I (and I hope this aligns with OP’s vision) would want to see a greater emphasis on advancing forecasting specifically tailored for decision-makers. This focus diverges significantly from the casual or hobbyist approach observed on these platforms. The questions you ask should probably not be public, and they are usually far more boring. In practice, it looks more like an advanced Delphi method than it looks like Manifold Markets. I’m somewhat surprised to see interpretations of this post suggesting a need for more funding in the type of forecasting that is more recreational, which, in my view, is and should not be a priority.
E: One obvious exemption to the dichotomy I describe above is that the more fun forecasting platforms can be a good way of identifying
Superforecastersgood forecasters.Would you count Holden’s take here as a robust case for funding forecasting as an effective use of charitable funds?
This is my own (possibly very naive) interpretation of one motivation behind some of Open Phil’s forecasting-related grants.
Actually, maybe it’s also useful to just look at the biggest grants from that list:
Thanks for sharing. It’s a start, but it’s certainly not a proven Theory of Change. For example, Tetlock himself said that nebulous long-term forecasts are hard to do because there’s no feedback loop. Hence, a prediction market on an existential risk will be inherently flawed.
I don’t think that really works. You can get feedback from 5 years in 5 years. Metaculus already has some suggestions as to people who are good 5 year forecasters.
None of the above are prediction markets.
Personally, I think specifically forecasting for drug development could be very impactful: Both in the general sense of aligning fields around the probability of success of different approaches (at a range of scales—very relevant both for scientists and funders) and the more specific regulatory use case (public predictions of safety/efficacy of medications as part of approvals by FDA/EMA etc.)
More broadly, predicting the future is hugely valuable. Insofar as effective altruism aims to achieve consequentialist goals, the greatest weakness of consequentialism is uncertainty about the effects of our actions. Forecasting targets that problem directly. The financial system creates a robust set of incentives to predict future financial outcomes—trying to use forecasting to build a tool with broader purpose than finance seems like it could be extremely valuable.
I don’t really do forecasting myself so I can’t speak to the field’s practical ability to achieve its goals (though as an outsider I feel optimistic), so perhaps there are practical reasons it might not be a good investment. But overall to me it definitely feels like the right thing to be aiming at.

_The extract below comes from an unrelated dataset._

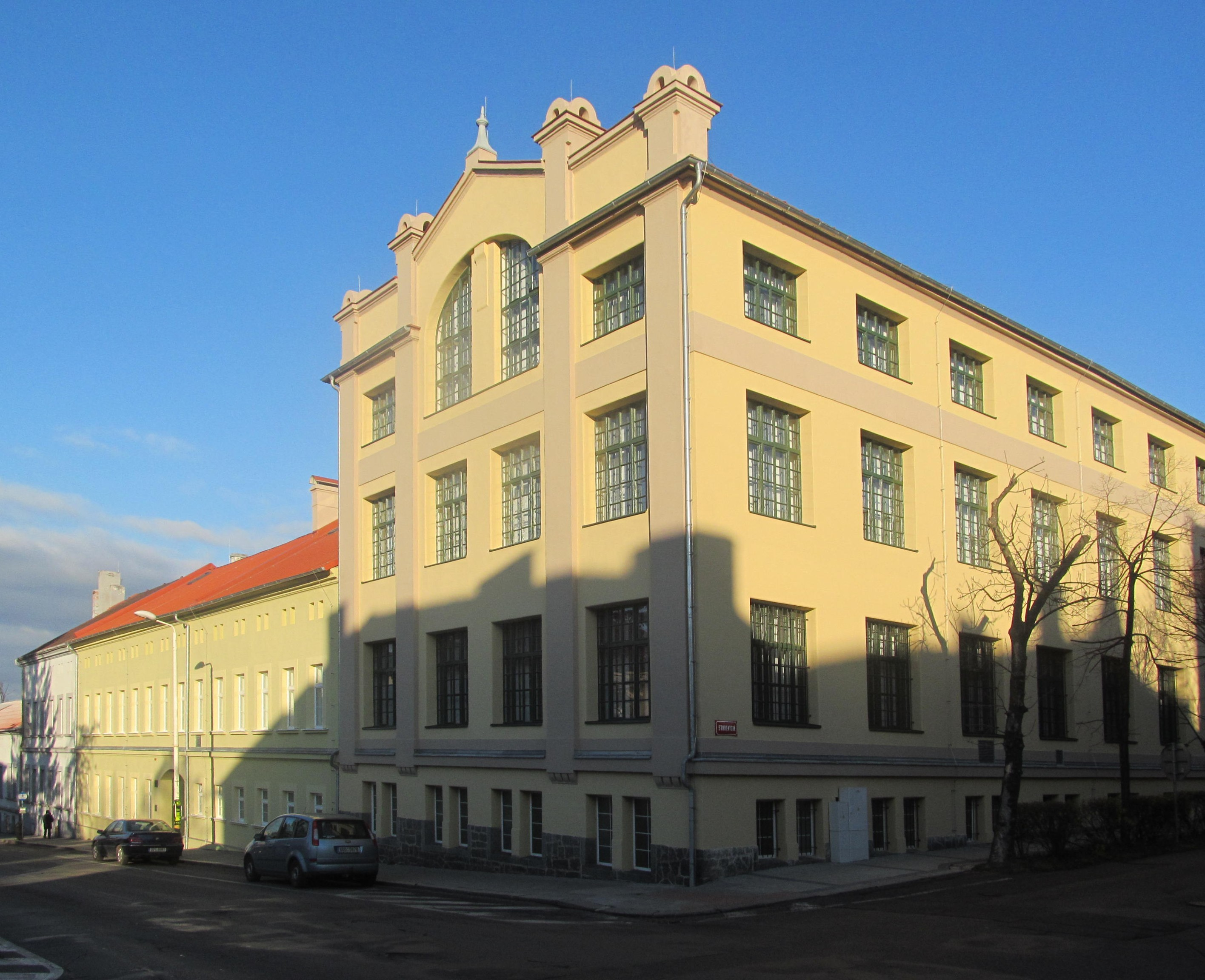 Depository building of the Municipal museum in Žatec

Thanks for the comment, Grayden. For context, readers may want to check the question post Why is EA so enthusiastic about forecasting?.

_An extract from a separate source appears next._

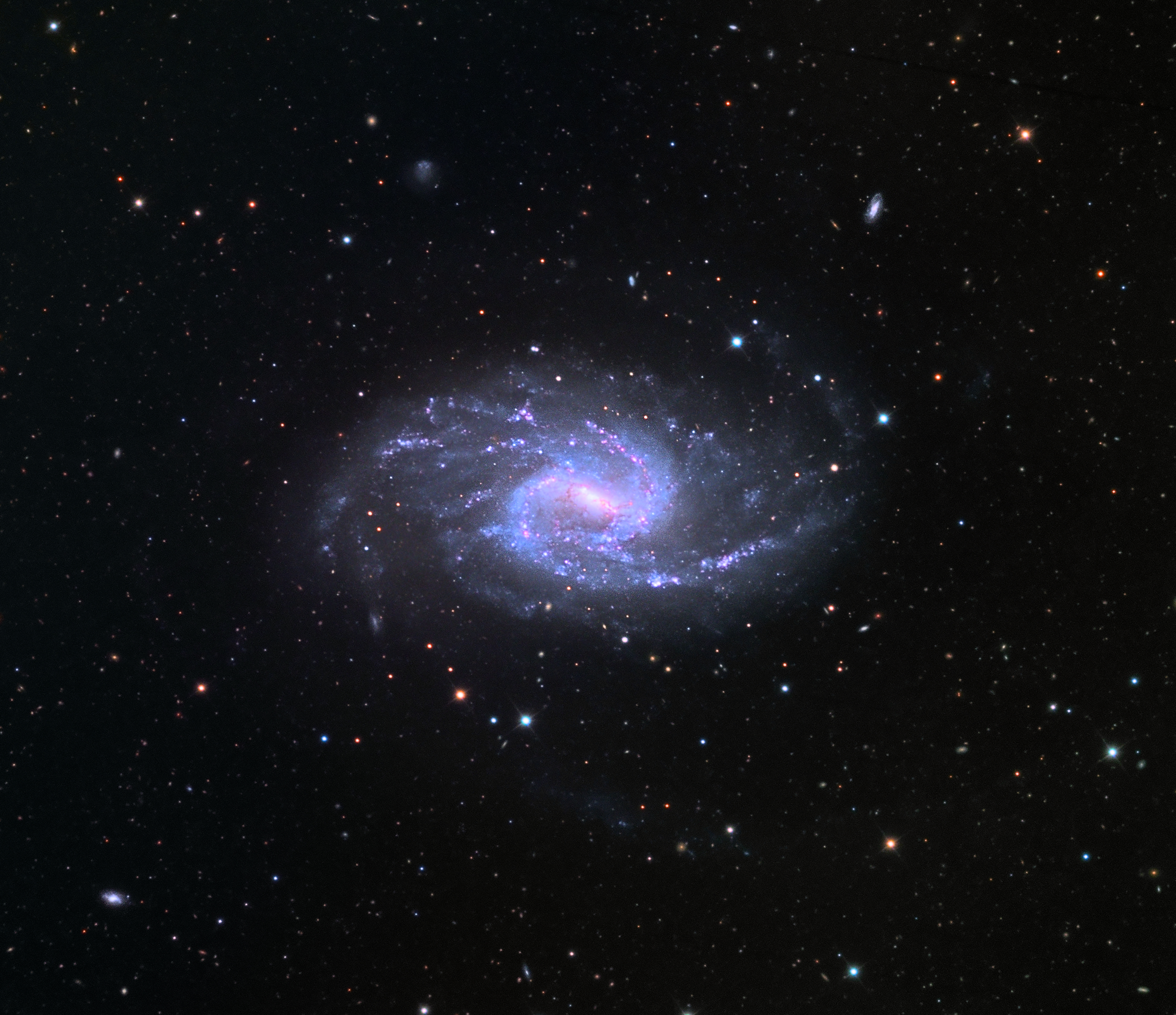 NGC 3359 in 32 inch telescope. Courtesy: Joseph D. Schulman

Thanks for sharing, but nobody on that thread seems to be able to explain it! Most people there, like here, seem very sceptical
COI—I work in forecasting.
Whether or not forecasting is a good use of funds, good decision-making is probably correlated with impact.
So I’m open to the idea that forecasting hasn’t been a good use of funds, but it seems it should be a priori. Forecasting in one sense is predicting how decisions will go. How could that not be a good idea in theory.
More robust cases in practice:
Forecasters have good track records and are provably good thinkers
They can red team institutional decisions “what will be the impacts of this”
In some sense this is similar to research
Forecasting is becoming a larger part of the discourse and this is probably good. It is much more common to see the Economist, the FT, Matt Yglesias, twitter discourse referencing specific testable predictions
In making AI policy specifically it seems very valuable to guess progress and guess the impact of changes.
To me it looks like Epoch and Metaculus do useful work here that people find valuable.